This story is a continuation of a previously posted story called, “For The Fun Of It.” While this story will stand alone, some of the characters will be more interesting if you’ve read the earlier story. I’d be very interested in any feedback from these two stories.

I waited across the street in a cafe. I wasn’t nervous, mainly because I hadn’t made a decision yet; I didn’t even know if she would show. But I thought she would. She had said to me once a few months ago that she always ate at the restaurant on Tuesday nights. So I waited and watched. I’d make a decision on my next step if she arrived.

She did, ten minutes later, a thin figure in black pants, a shapeless red jacket and a knitted cap. She entered the restaurant and sat alone at a table by the restaurant’s one large window.

I barely knew the woman. I had met her in the restaurant a few times over as many months. We talked, but never really connected, but even so, I got the sense that she wanted to get to know me, a 55 year old divorcee with three grown children.

I studied the figure leaning forward, reading a book I could see on the table. She seemed always to have a book with her, an easy alternative to company.

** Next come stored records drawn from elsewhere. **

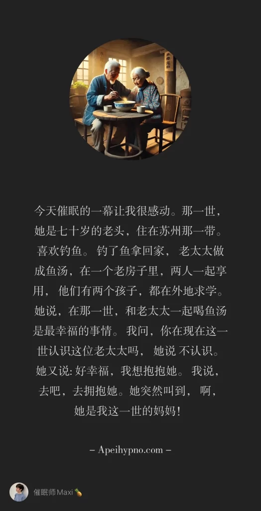 她问我,作为催眠师,在带个案经历不同场景的时候 我会有感触吗? 我的回答是: 当然,当你的意识回到某一世的时候,我的意识也在那里。 在催眠状态下,我们的分子和原子 存在于在同一个空间。
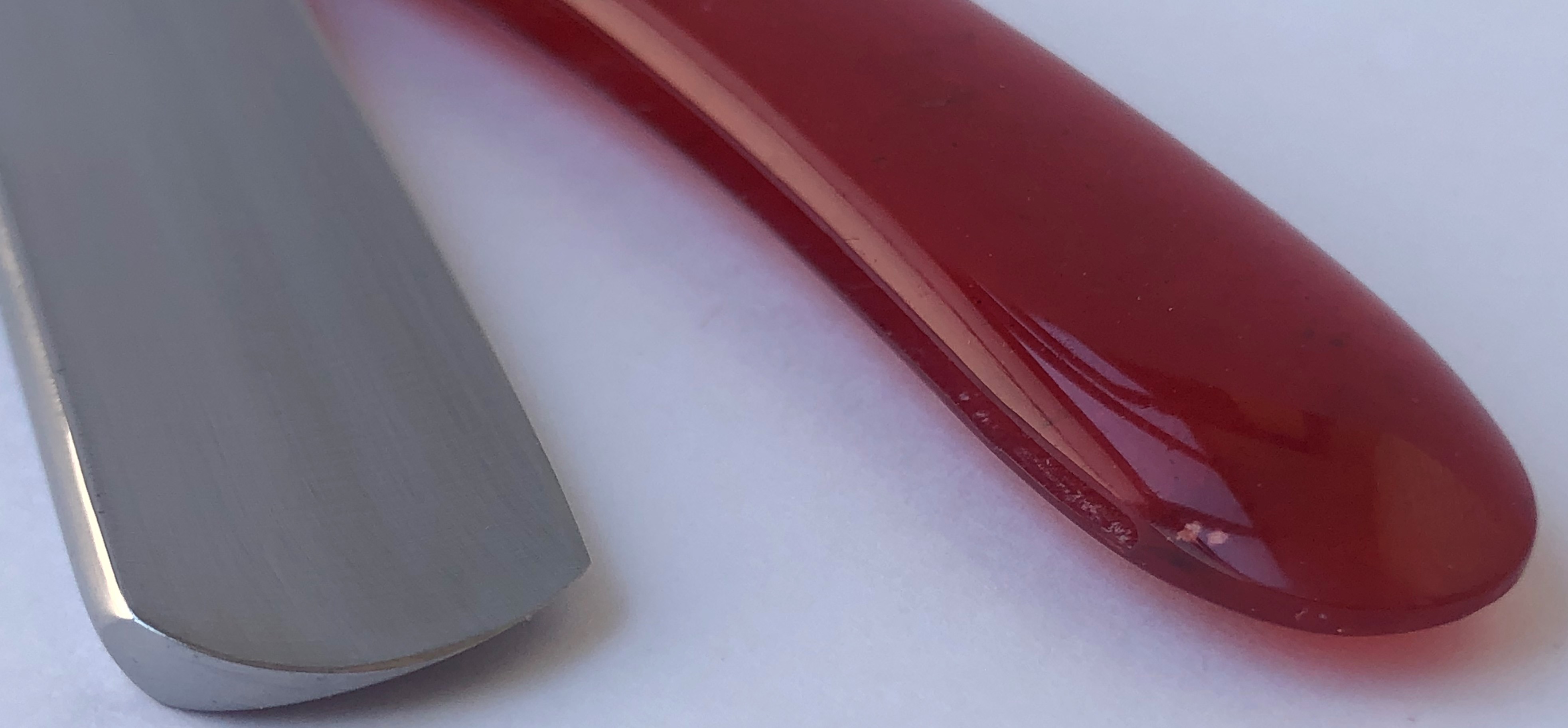PARKER 510. Ширина полотна-21 мм. Толщина обушка-5.8 мм. Полная вогнутость. Шведская углеродистая сталь, как наиболее удачная для производства бритв. Бритва в хорошем состоянии, без активных следов пользования. Требовала разборки, чистки и полировки полотна.На этих бритвах действительно очень качественная,"звонкая"и умеренно твердая шведская сталь.Крупная и удобная бритва.Можно рекомендовать любому пользователю,с разным уровнем опыта бритья.Кромочка равномерна по всей длине.Заточена и готова к бритью. Не пропустите совершенно недорогую брендОвую бритву,но с прекрасной сталью и возможностью дать чистое и мягкое бритьё. Цена-5800 р с доставкой. ПРОДАН Spoiler Show Spoiler Show
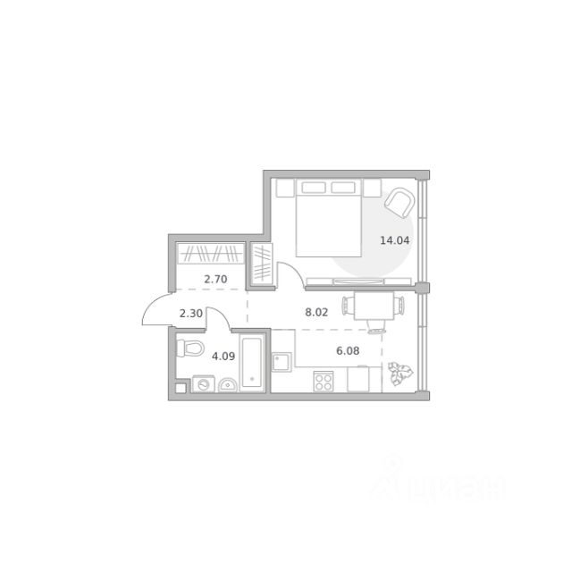 Продаётся 1-комнатная квартира 409, площадью 34,96 м², на 8 этаже в ЖК "Мнёвники от Гранель" корпус 1. Стоимость — от 21746418 руб. Квартира без отделки, планировка односторонняя, окна на улицу.
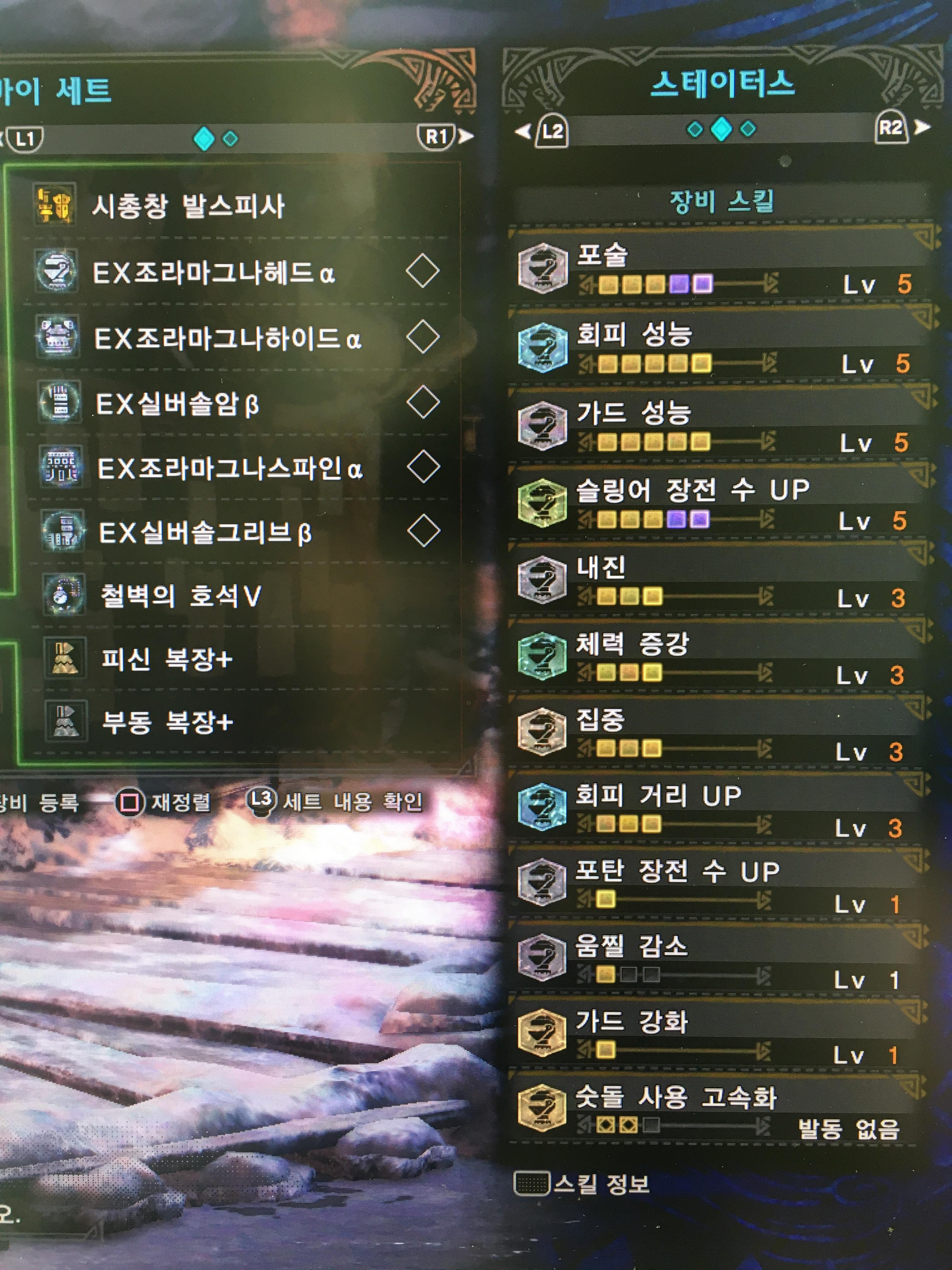 돌아다니다가 주은 커스텀입니다. 그런데 스킬 시뮬 세개를 돌려봐도 위와 동일한 스킬셋은 안나오네요..무기 커강을 슬롯으로 하진 않았을텐데 대체 무슨 수로 만든건지. 방어구도 보면 pc에 다 있는건데 플스판이라고 강화가 다를 리도 없고(...)
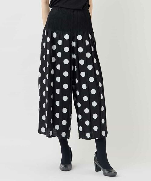 ウエストにたっぷりと施したシャーリングでゆとりのあるリラクシーな着心地が魅力です。裾に向かって広がるプリーツのような立体感が身体のラインを拾わずきれいなシルエットを演出。
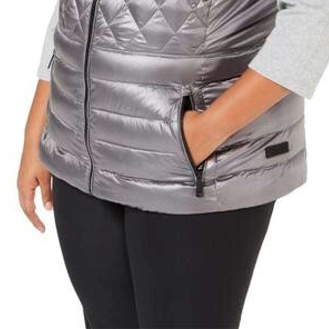 Calvin Klein Women's Quilted Metallic Down Vest Black Size 3X
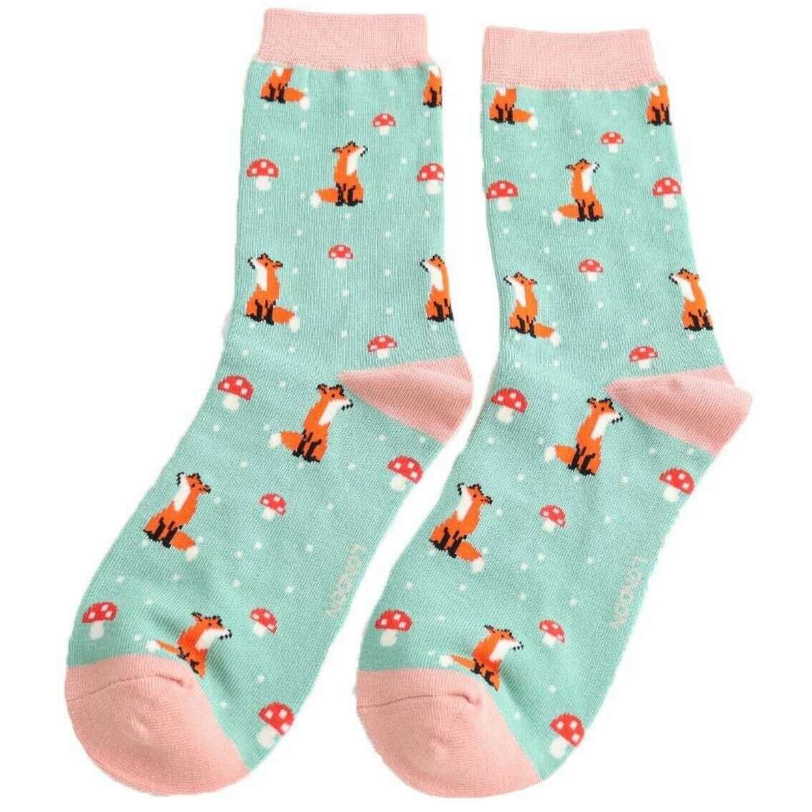 Skarpetki bambusowe Miss Sparrow London Fox i Toadstool - zielone
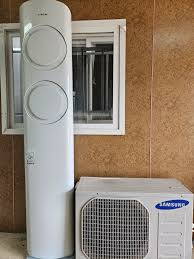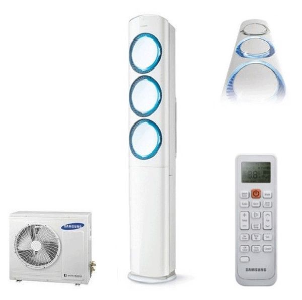 Samsung AF9000 Floor-Standing Air Conditioner – Description The Samsung AF9000 is a premium floor-standing (tower-type) air conditioner designed for large rooms, halls, offices, and commercial spaces. It features a sleek, modern vertical design with a glossy white finish, allowing it to blend easily into modern interiors without wall installation. Design & Airflow Tall tower-style body with a stable base Dual circular air outlets on the front for strong and wide air distribution Side vents help improve even airflow across the room Minimalist and elegant appearance Performance Features Powerful cooling capacity suitable for large areas Digital Inverter Technology for energy efficiency and stable temperature Fast cooling to quickly reduce room temperature Consistent airflow for uniform comfort Comfort & Convenience Multiple operating modes (Cool, Auto, Turbo, Sleep*) Remote control operation Low-noise performance compared to traditional high-capacity AC units Auto-restart function after power failure Air Quality Built-in air filtration system Helps reduce dust and airborne particles Dehumidification for improved indoor comfort Ideal For ✔ Living halls ✔ Showrooms ✔ Offices ✔ Mosques / banquet halls ✔ Large commercial spaces If you want, I can also provide: Short description for quotation Specification sheet Advantages vs wall-mounted AC Installation requirements
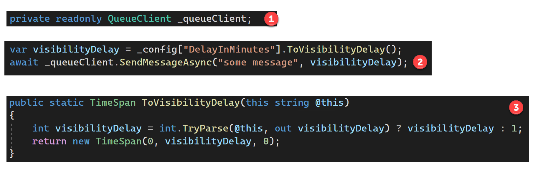 outputQueue.AddMessage(cloudQueueMessage, initialVisibilityDelay: timespan);既然我们已经将这些Azure函数迁移到隔离的模式,那么如何在消息中添加可见性延迟呢?
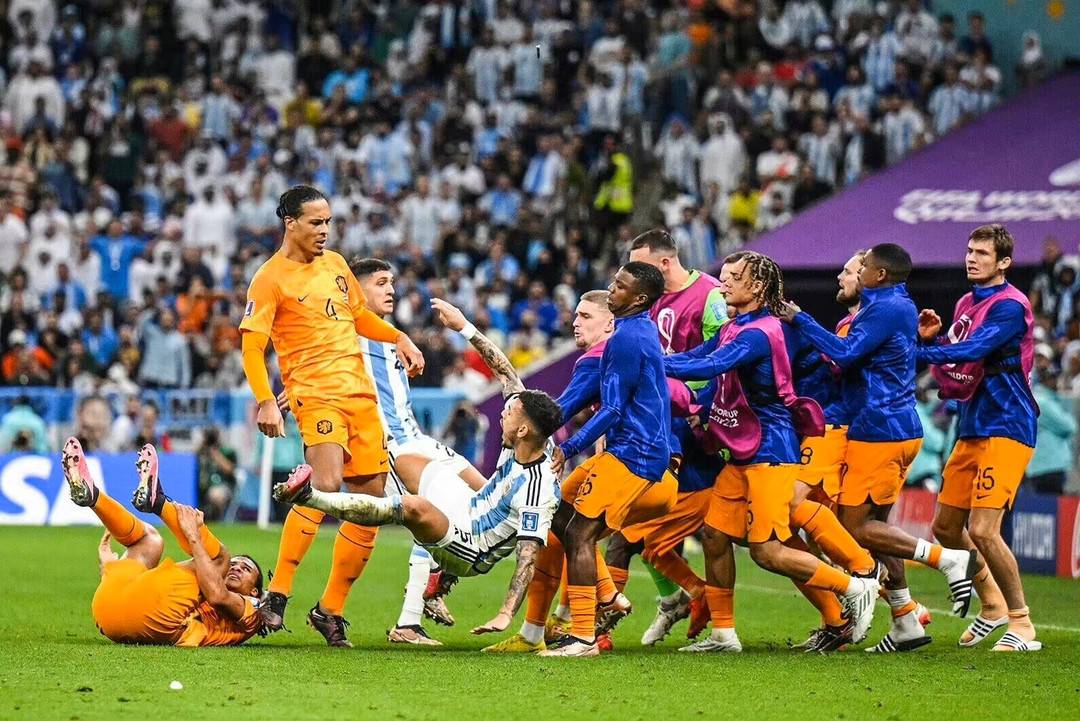 由于求胜心切,其实比赛中两队都火气不小。最激烈的冲突发生在第89分钟,阿根廷队的帕雷德斯在铲人犯规后,还故意将球大力踢向荷兰队替补席,差点引发两队群殴。
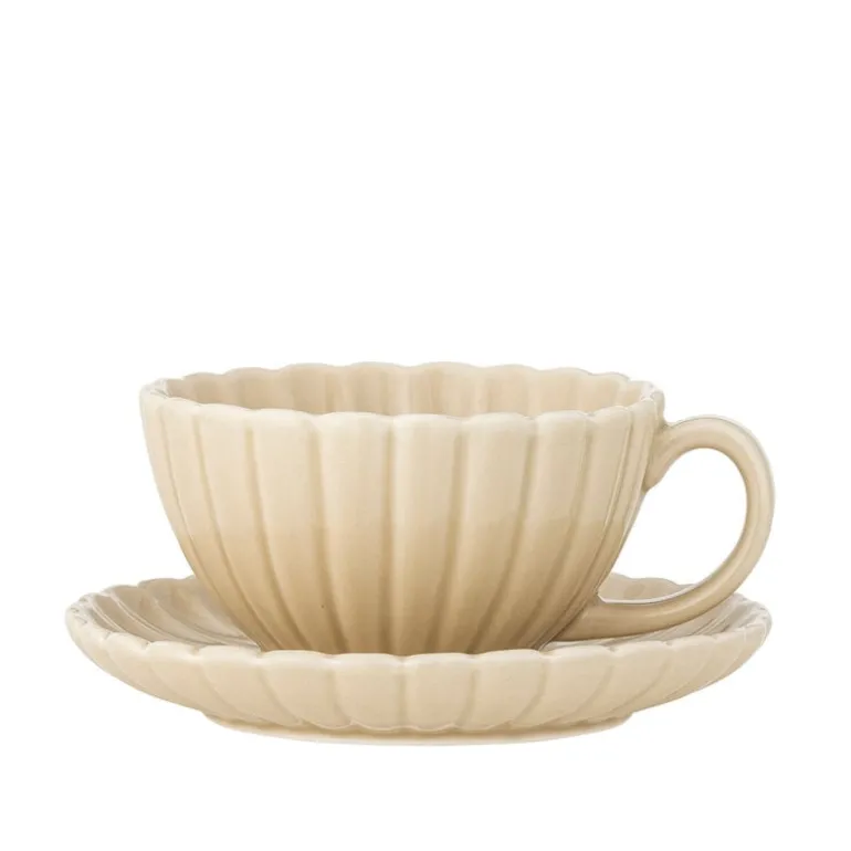 De Bloomingville Latina kopjes en schotels zijn gemaakt van aardewerk. Wordt geleverd in een set van 6 stuks. De golvende randen voegen zowel textuur als elegantie toe aan het ontwerp. Afmeting Ø15×6,5cm
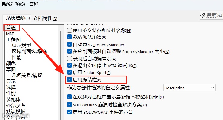 a)在系统选项中,确认启动冻结栏是否有开启,未开启则无法冻结特征。
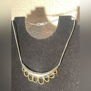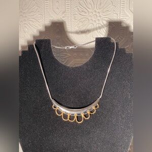 Vintage Signed F.O. Jewelry Gold and Silver Tone Choker Dog Collar Necklace Rare to Find.
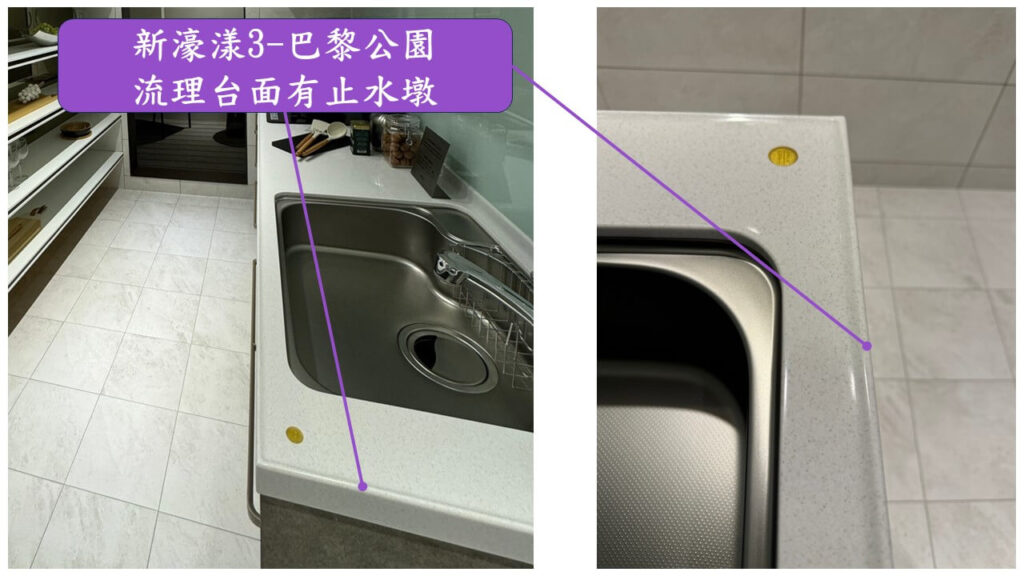 廚房的設備也採用Cleanup的系統,廚具的流理台面還有特別設計止水墩,比較不易讓水溢出到地面,
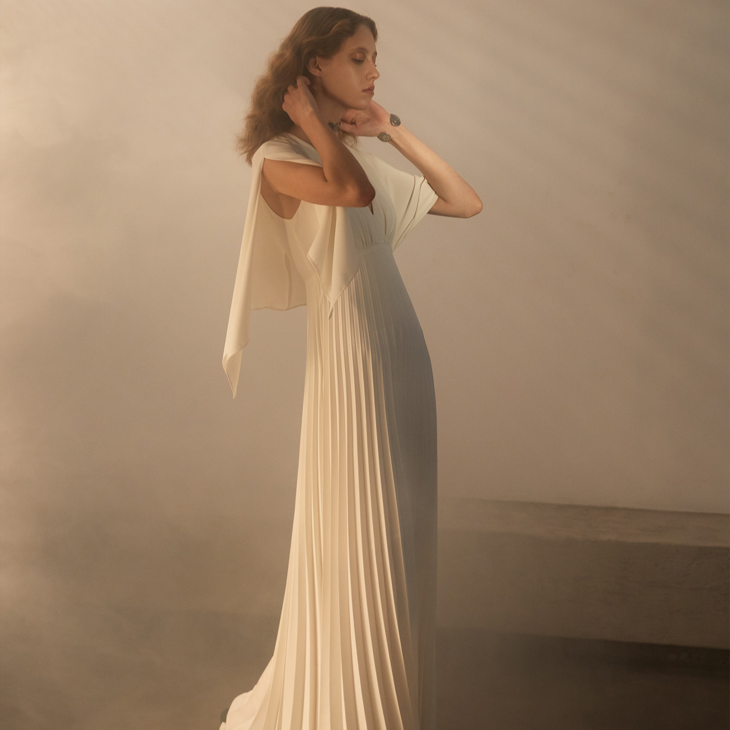 Les pièces de la collection mêlent des lignes aériennes à des jeux de plissés soignés, dans une palette lumineuse. Des touches de cuir et imprimés classiques habillent les accessoires.
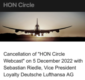 Am Montag hat Miles&More zu einem HON Circle Webcast eingeladen und wollte zunächst die wichtige Kundengruppe über Neuerungen informieren. Nachdem das neue Statusprogramm auf unbestimmte Zeit verschoben wurde, hat man hier weitere Details und die Ankündigung eines Starttermins erwartet. Doch nur wenige Stunden vor dem geplanten Online Meeting wurde die Veranstaltung abgesagt. Die Hintergründe der Entscheidung sind nicht bekannt, die Macher wollen „so bald wie möglich“ wieder auf die Supervielflieger zukommen.
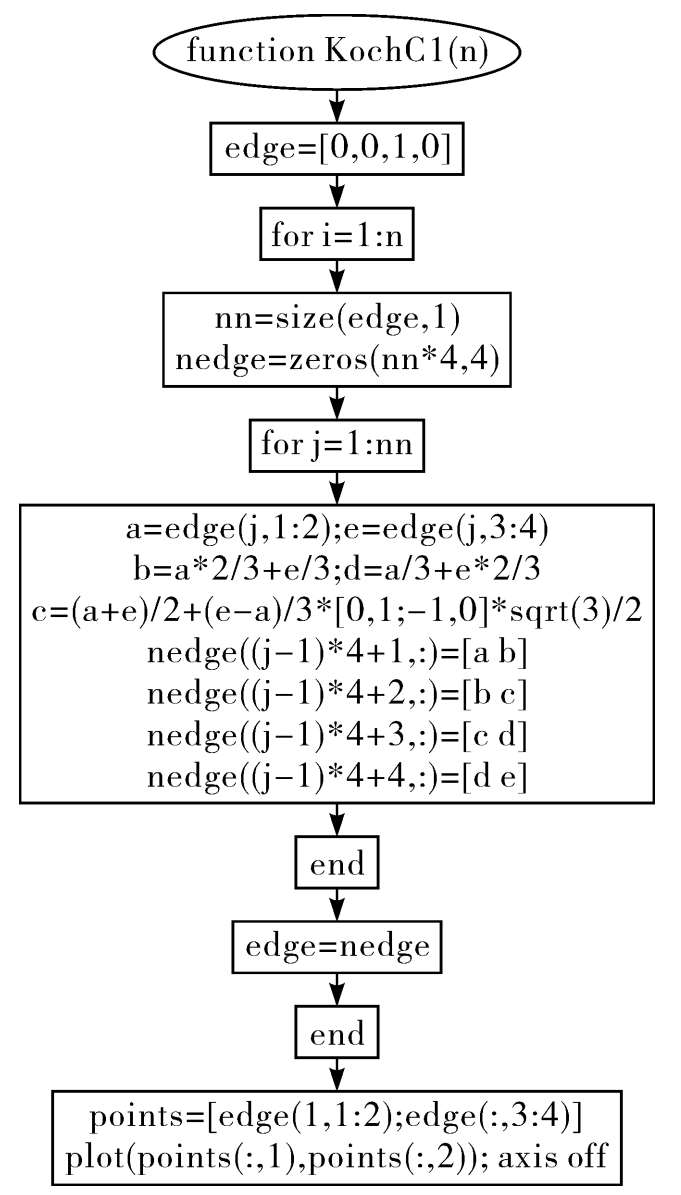 (3)程序流程。由Koch曲线数学模型构建绘出Koch曲线的程序流程,见图 1-7。
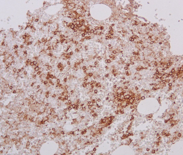 При исследовании ткани легких в стенке сосудов видны плотные гомогенные массы, дающие положительную реакцию на амилоид. При исследовании органов в поляризационном микроскопе обнаружено зеленоватое свечение амилоида. В костном мозге скопление клеток, дающих положительную реакцию с моноклональными антителами к CD38 (рис. 5, 6).

Screw it! I drank the rest of my coffee, as if the cold dregs could fortify me, picked up my purse and ignored my pounding heart.

She was facing away from the door so when I entered the restaurant I had to walk past her for her to notice me. She did, just as I pulled out a chair to sit two tables away. She smiled at me, looked behind her to see if I was with someone, and seeing no one, asked me if I would join her.

When I sat across from her I had no plan in mind. I simply wanted to get to know the woman, to see if she was interesting, companionable. Our conversation, like before, was spare, superficial and dull. I had the impression from before that she was unusually shy and unusually quiet. This conversation did nothing to dispel that.

After a mediocre dinner we left the restaurant together, each to go our separate way, when I heard myself ask her if she would like to come to my place for dinner on Friday night. When she said yes, quickly, I thought, we agreed on a time and I gave her my address.

I was a wreck for the next 24 hours: what to wear; what to cook; what wine to buy — a million details filled my head before it occurred to me that a mature woman shouldn’t be acting like a school girl and I got a grip on myself.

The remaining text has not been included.